A famous Oxford contemporary of C. S. Lewis, A. L. Rowse, died at age 93 on 3 October 1997 in Cornwall. Like Lewis, Rowse was a “politically incorrect” Oxford professor who said what he thought and acquired fame and popularity through his unusually lively writing. In spite of severe poverty and poor health, he eventually became a distinguished historian, an expert in Tudor and Elizabethan England, a poet, biographer, and author of more than 90 books. (See p. 19.) His energy, memory, and zest were prodigious to the end.

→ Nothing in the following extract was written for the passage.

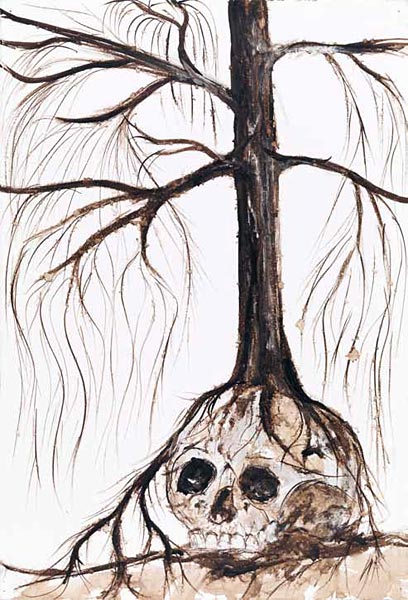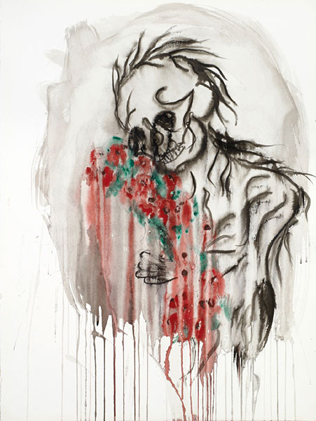 Der Tod und das Mädchen • 2013 • Keramik • 75 x 54 x 47 cm![]() Funny van Dannen • Totenschädel • 2018 • Mischtechnik auf Papier • 100 x 70 cm

A Cornish Childhood, the first of Rowse’s famous books about Cornwall, was published in 1942; and his love for Cornwall never diminished. (As a boy Rowse fell in love with a local mansion overlooking the sea, and in 1953 he leased it.) He was eventually appointed a Senior Fellow at the Huntington Library; as a result, for 20 years he usually wintered in California. Wherever he went, Rowse was (like Lewis) extremely friendly, generous, and responsive to people. But he could be unusually ascerbic and undiplomatic. Even at his memorial service his abrasive personality was emphasized: “His intense and often prickly pride, combativeness and fierce outspoken resentment of criticism were all aspects of his complex character, of which he was perfectly aware.”

In 1994 Rowse wrote to Lindskoog,

Less surprising that CSL should have married such a woman, for he had no aesthetic taste. Even in literature his taste was wrong-headed — like an Ulsterman. But the Irish have no taste.

I am surprised at any woman wanting to marry Lewis. Fancy getting into bed with that beefy, beery, smelly man! But the charity of women is inexhaustible…

Give my love to dear California.

Rowse was especially proud of discovering the identity of the Dark Lady in Shakespeare’s sonnets, and he treasured a note from Agatha Christie signed “From a Low Brow Detective to a High Brow Detective.”